Диксон отодвинул кровать от стены (девушка наблюдала, сложив на груди руки), затем они вместе перестелили постель и перевернули матрац. Горничная приближалась — пылесос уже заглушал блок-флейту. Между делом Диксон разглядывал Каллаган — хотя и зарекся фиксировать новые подробности — и с негодованием отметил, что она куда привлекательнее, чем ему удобно было думать. Диксону захотелось состроить рожу или издать звук, какие он строил или издавал, когда получал от Уэлча очередной тест на профпригодность, видел в отдалении студента Мики, думал о миссис Уэлч или слушал, как Бисли перетолмачивает Джонса. Он хотел вывернуть лицо наизнанку, влепить в атмосферу выкрик, как хук, чтобы степень первого действия и мощь второго можно было противопоставить мешанине чувств, которые Каллаган вызывала в нем, а вызывала она негодование, удрученность, возмущение, раздражение, злость, ярость без примесей — иными словами, все аллотропы боли. Девушка была виновата вдвойне: во-первых, за свою внешность, во-вторых, за то, что появилась, вот такая, в жизни Диксона. Растиражированные, как по одному лекалу сделанные объекты вожделения — итальянские киноактрисы, жены миллионеров, красотки с календарей — не бесили; Диксону даже нравилось на них смотреть, положительно нравилось. А возможности смотреть на эту штучку он скоро будет лишен. Диксон где-то вычитал высказывание не то Платона, не то Рильке — в общем, кого-то мудрого, якобы разъявшего любовь на атомы и каждый атом взвесившего.
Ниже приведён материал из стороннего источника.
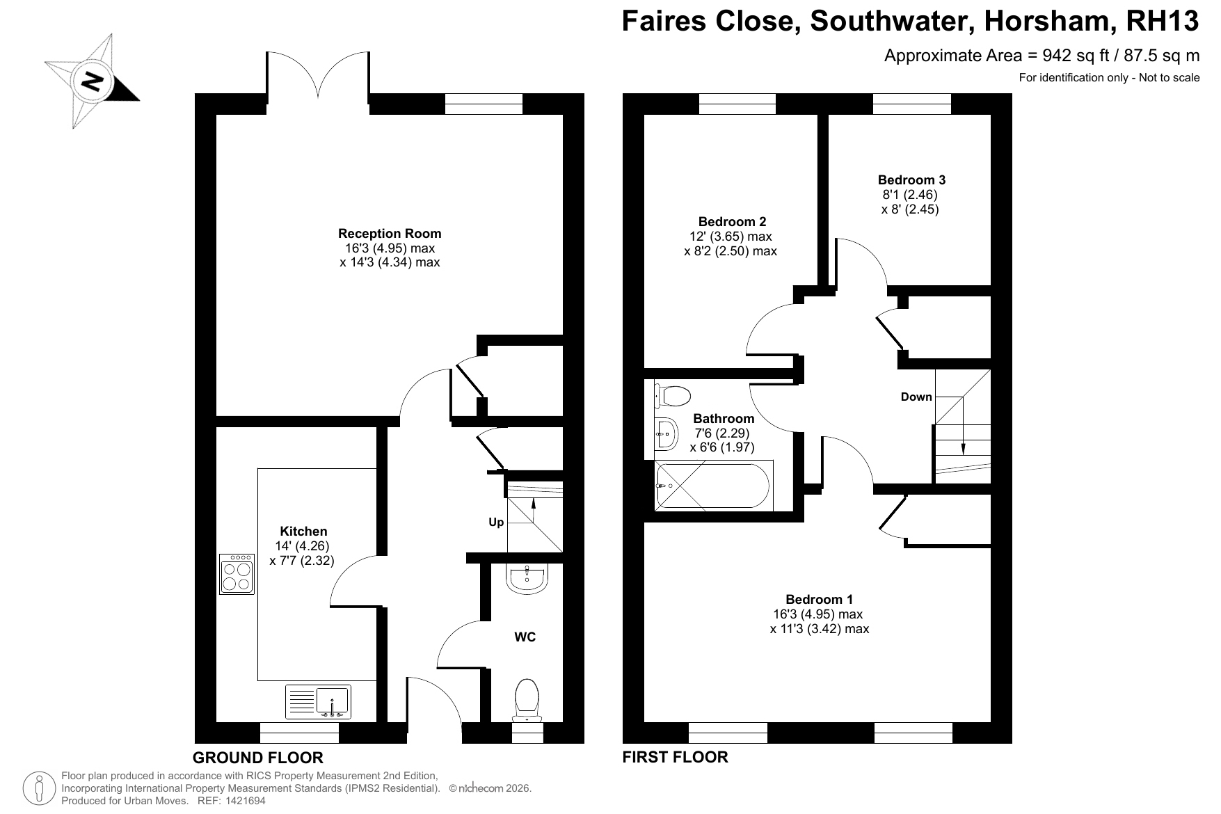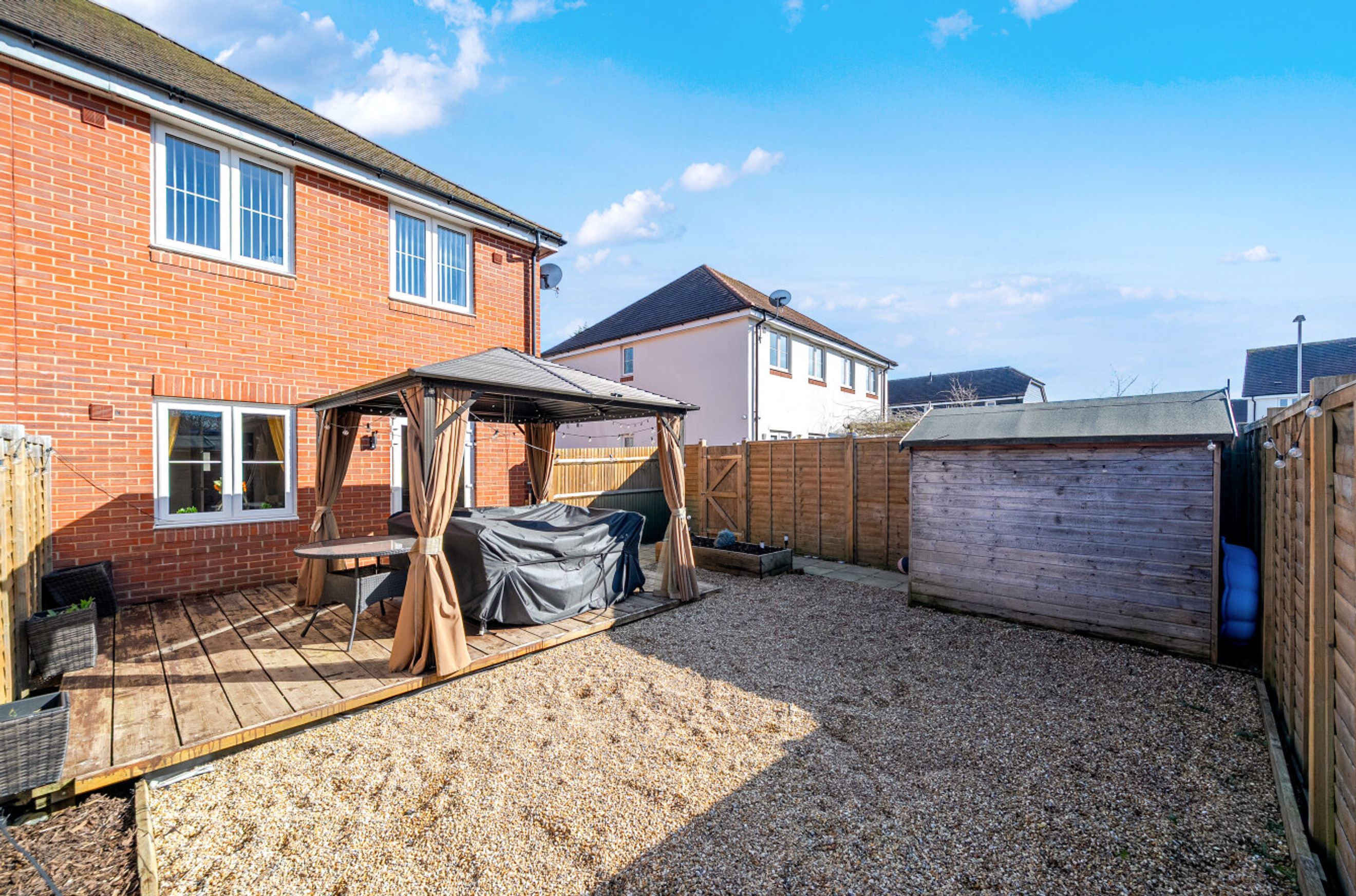 A modern, end-of-terrace house in the village of Southwater. The smartly-presented property has a ground-floor cloakroom/WC and a spacious kitchen at the front, while at the rear is a reception/dining room with attractive herringbone-style flooring. Patio doors open onto a west/south-west-facing garden with decked seating area. The garden can also be accessed via a side gate. On the first floor of the house is a full-width main bedroom with wood panelling plus two further bedrooms and a bathroom with decorative pencil-mosaic tiles. Well insulated walls, roof and floor, high performance glazing and gas central heating all contribute towards a very good energy-efficiency rating. The property comes with a two-car driveway and the nearby A24 offers an easy route north into London or south towards the coast. Horsham town centre is only a brief drive away and can also be reached via local bus. Southwater Country Park, which is just a short walk from Faires Close, offers green, open space, an extensive children's play area, lakes and even a paddling beach.

Так вот, сей достойный восхищения муж вывел, что любовь суть чувство не только по степени, но и по самой природе кардинально отличающееся от обычного полового влечения. В таком случае выходит, что Диксон влюблен во всех девушек типажа Кристины Каллаган? По крайней мере определение «любовь» больше всего подходит для чувств, которые он испытывал или мог вообразить; с другой стороны, если абстрагироваться от сомнительной опоры в лице Платона (или Рильке), все личные изыскания по теме теперь обернулись против него. Что это, если не любовь? На простое желание не похоже. Диксон покончил со своим краем простыни и подошел к Каллаган. Он едва сдерживался, чтобы не взяться за одну из этих пышных грудей, причем это было бы для Диксона столь же естественно, обыденно и непредосудительно, что и протянуть руку к блюду персиков и выбрать самый крупный и спелый. И, как ни крути, как ни обзывай порыв и какой научный хвост к нему ни прицепляй, а поделать с ним ничего нельзя.